What needs to be done - Among the records below, find the line with "Набор пластичной замши" and the line with "Meshgin Shahr | ||". Set down both and every line between, exactly and with no pictures, but nothing else.

Provided information -
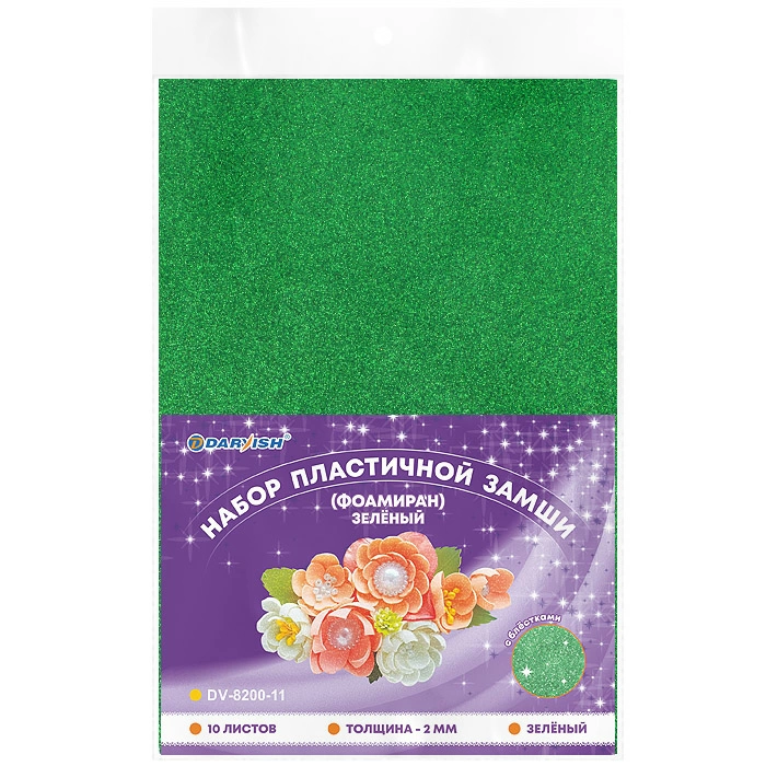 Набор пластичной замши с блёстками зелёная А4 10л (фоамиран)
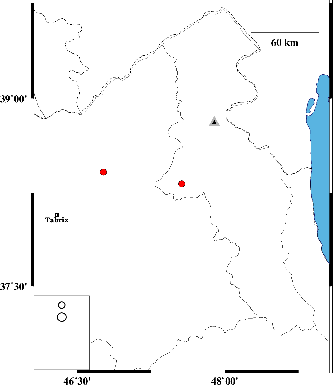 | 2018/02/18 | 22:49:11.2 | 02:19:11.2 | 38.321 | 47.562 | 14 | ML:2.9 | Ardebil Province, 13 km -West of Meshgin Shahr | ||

---

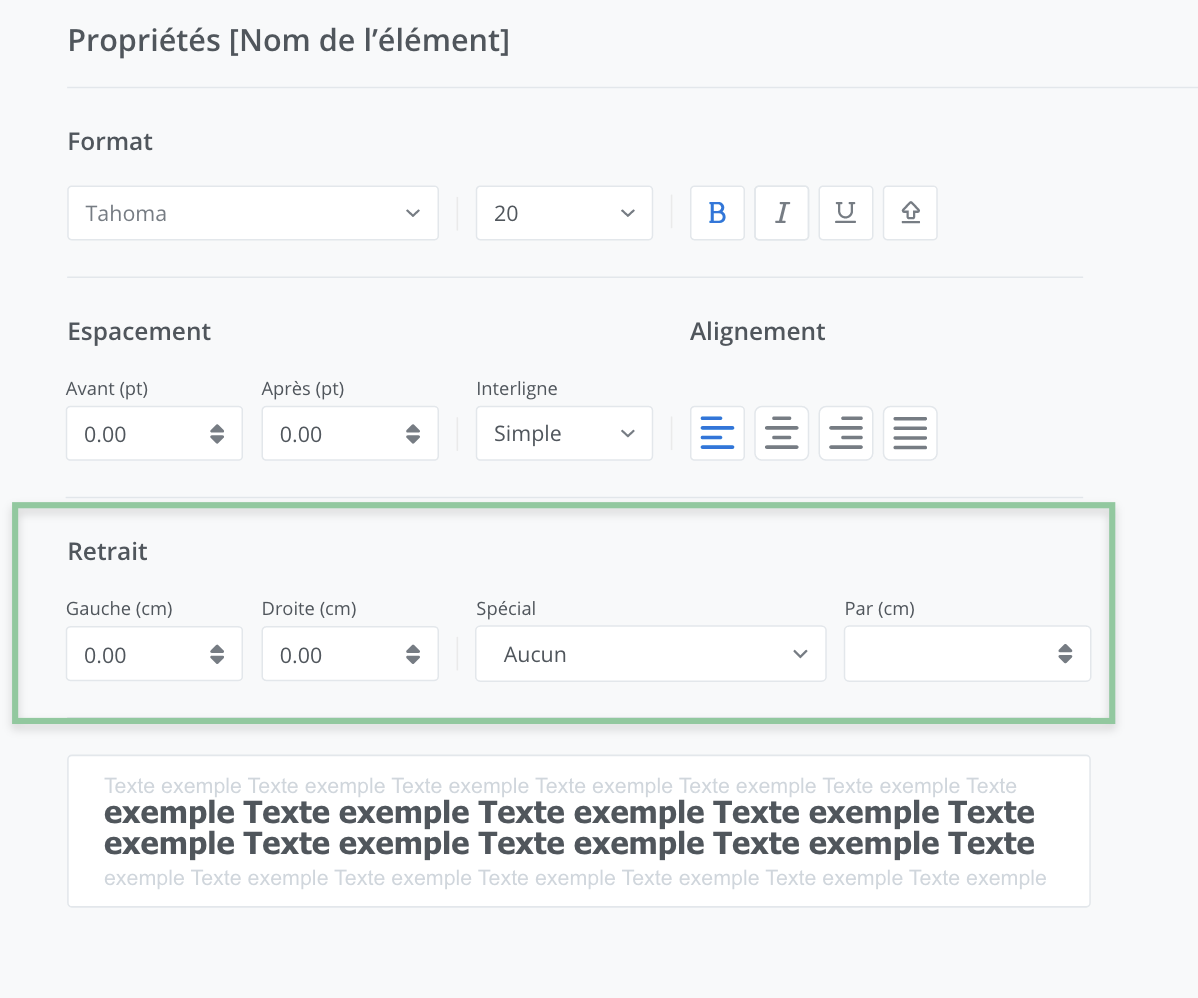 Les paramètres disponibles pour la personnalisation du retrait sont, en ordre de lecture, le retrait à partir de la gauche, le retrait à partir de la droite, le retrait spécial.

--

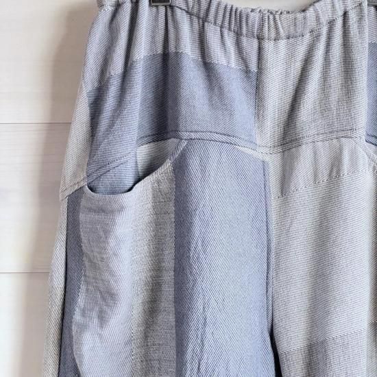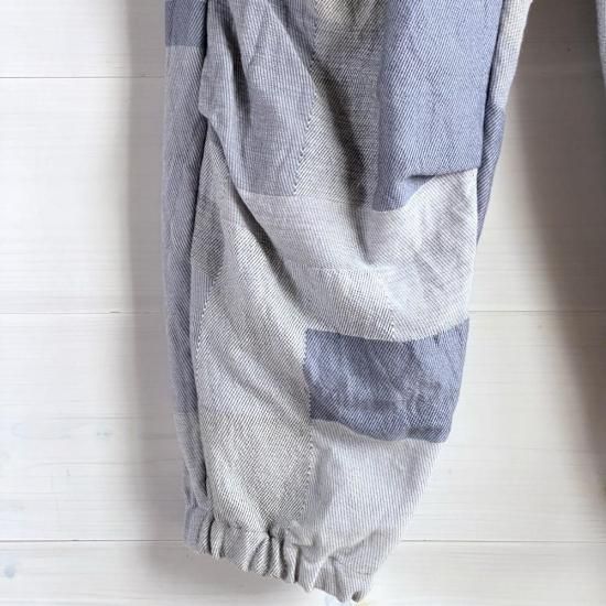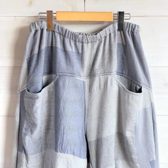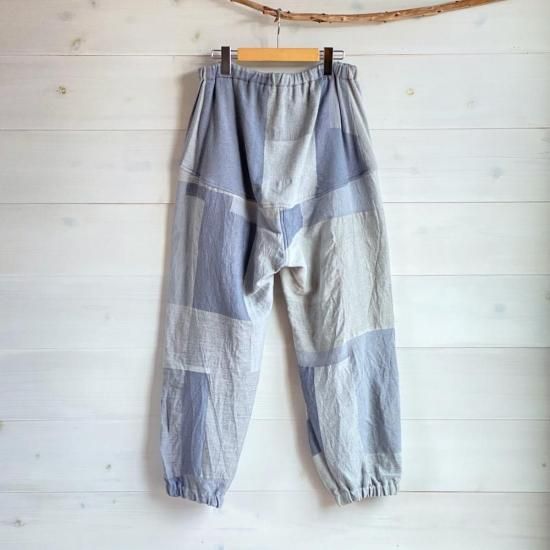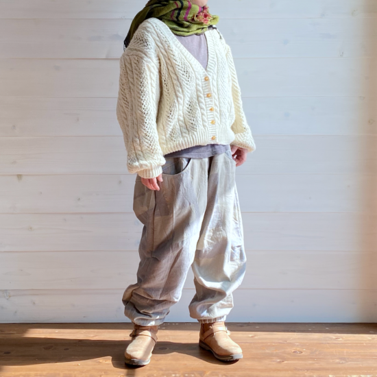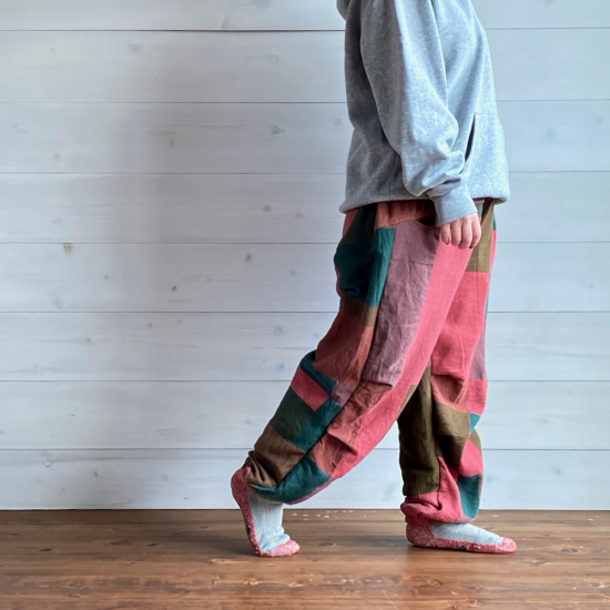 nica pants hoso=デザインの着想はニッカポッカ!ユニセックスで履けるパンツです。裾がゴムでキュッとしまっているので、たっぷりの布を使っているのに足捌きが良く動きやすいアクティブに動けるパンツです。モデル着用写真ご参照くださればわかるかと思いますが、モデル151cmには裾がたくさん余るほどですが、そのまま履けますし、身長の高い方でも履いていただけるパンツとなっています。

Solution to this problem -
 Набор пластичной замши с блёстками зелёная А4 10л (фоамиран)
 | 2018/02/18 | 22:49:11.2 | 02:19:11.2 | 38.321 | 47.562 | 14 | ML:2.9 | Ardebil Province, 13 km -West of Meshgin Shahr | ||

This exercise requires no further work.